- Required work
Return only the lines of the listing below that run from the line with "Puhelimen suojakotelo avaamattomassa" through the line with "Vintage 70s 80s", both ends included, exactly as written.

- Provided entries
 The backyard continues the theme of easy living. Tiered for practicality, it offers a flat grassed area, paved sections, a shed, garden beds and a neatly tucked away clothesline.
* * *
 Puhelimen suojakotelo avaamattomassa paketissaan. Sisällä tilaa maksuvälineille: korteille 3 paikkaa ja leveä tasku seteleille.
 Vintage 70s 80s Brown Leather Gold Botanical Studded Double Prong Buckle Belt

- Your solution
 Puhelimen suojakotelo avaamattomassa paketissaan. Sisällä tilaa maksuvälineille: korteille 3 paikkaa ja leveä tasku seteleille.
 Vintage 70s 80s Brown Leather Gold Botanical Studded Double Prong Buckle Belt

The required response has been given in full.